Yayoi Uno Everett: Opera in Flux: Multimodal Narrative and Narrative Agency

Tue, March 1, 2022 1:00 PM at Zoom Webinar

Dr. Yayoi Uno Everett, Professor of Music at the University of Illinois at Chicago, presents a guest lecture at Michigan State University. The event is free, open to the public, and will take place via Zoom Webinar. If you would like to attend, please register here

Lecture Abstract

In Unsettling Opera (2007), David Levin claims that opera has emerged as “an unsettled site of signification,” requiring the audience to attend to a surfeit of competing systems. He argues that operatic performance is intrinsically polylogical and lacks a stable narrative form precisely because the performance text (production elements) may compete with or undermine the opera text (lyrics, music, and stage direction).
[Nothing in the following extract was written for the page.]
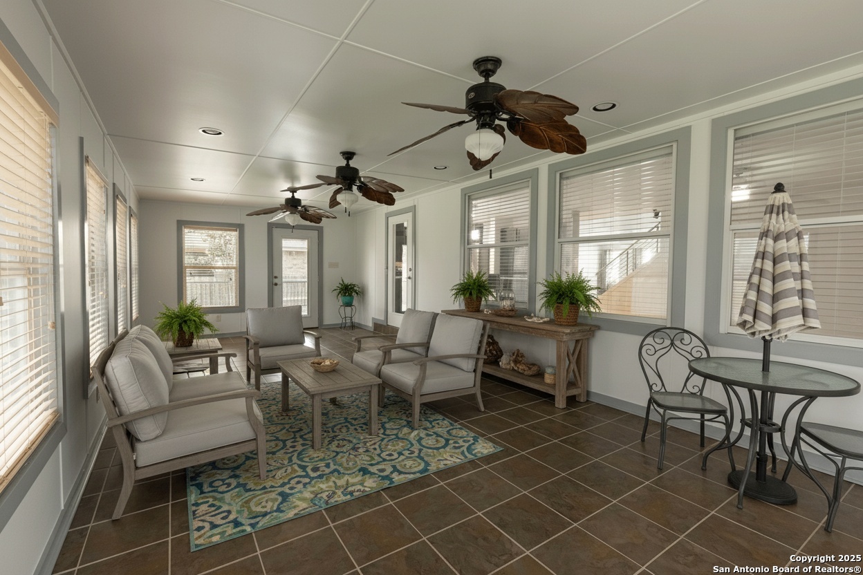 This house comes with a REDUCED RATE. This is a seller paid rate-buydown that reduces the buyer's interest rate and monthly payment. Terms apply, see disclosures for more information. BACK ON MARKET after beautiful upgrades to the kitchen back splash transition, Island counter and fresh coat of paint to accent walls! Welcome to 121 Valona Dr located on a cul-de-sac in the sought after Deer Creek subdivision. Built in 2001 by Ryland, this great floor plan has been upgraded to showcase tons of custom upgrades. Featured in the San Antonio Express-News in 2012, the customized kitchen features an appliance garage, custom kitchen island on lockable wheels with drawer shelves and pull-outs on each side for serving, extended cabinets to ceiling, unique custom breakfast bar, unique custom glass cabinet fronts on top cabinets. New windows throughout with a life time guarantee warranty, and 17 seer HVAC, the energy efficiency in this home is unmatched. New Kitchenaid over the stove microwave with convection, air fryer, sensor steam, and, steam clean. 2024 Whirlpool Fridge goes with the home. The primary bedroom features newer flooring, fresh coat of paint, new fixtures and 2 large walk in custom built master closets. From the new 30 yr cat. 4 roof to the custom closets and fully remodeled bathrooms, down to the porcelain floors, you will find upgrades galore! (See additional docs for all upgrades) Before heading outdoors, you will enjoy a tiled, insulated and enclosed lanai off of family room with ceiling fans. The outside space is ready for immediate enjoyment. The landscaped backyard has a full custom shed on concrete base with electricity and a concrete hot tub pad. Great neighbors! The home is conveniently located near local shopping and dining, Randolph AFB, and has easy access to I-10, I-35 and 1604. Popular neighborhood amenities include 2 pickleball courts, a sports court, a volleyball court, park/playground, and a covered pavilion with restrooms. SCUCISD schools - Clemens High School, walking distance to elementary and middle schools.

Moreover, the DVD or high-definition broadcast of opera utilizes filmic devices that shape the viewer’s multimodal experience of narrative in an entirely different manner from attending a staged performance. So how does opera in its remediated form (as film) constrain and/or enrich narrative interpretation? How does music relate to the visual and kinesthetic dimensions of film in shaping narrative? In Annabel Cohen’s Congruence-Associationist Model (CAM), cross-modal processes give priority to congruent structures across audio-visual channels in analyzing film where the music’s primary role is to direct attention to the visual. In contrast, operatic music generates imagistic content that assumes narrative agency on its own terms. As Marylin Boltz claims, “the invoked schemas guide selective attending toward those actions and objects consistent with the adopted interpretation” in formulating narrative meaning. Drawing on concepts introduced by Michel Chion, Gérard Genette, and Robert Hatten as well as models introduced by Mark Johnson and Juan Chattah, I propose a preliminary typology of agential mechanisms that shape the narrative trajectories of recent contemporary operas by John Adams, Kaija Saariaho, Toshio Hosokawa, and Charles Wuorinen.

Toshio Hosokawa, Matsukaze (with choreography by Sasha Waltz, 2017)

Toshio Hosokawa, Matsukaze (with choreography by Sasha Waltz, 2017)

 

Bio

Yayoi Uno Everett is Professor at University of Illinois at Chicago and her research focuses on the analysis of postwar art music, film, and opera from the perspectives of semiotics, multimedia theories, cultural studies, and East Asian aesthetics. Her publications include Reconfiguring Myth and Narrative in Contemporary Opera (2015) and The Music of Louis Andriessen (2006). She is a recipient of fellowships from Bogliasco Foundation, Japan Foundation, and National Endowment for Humanities.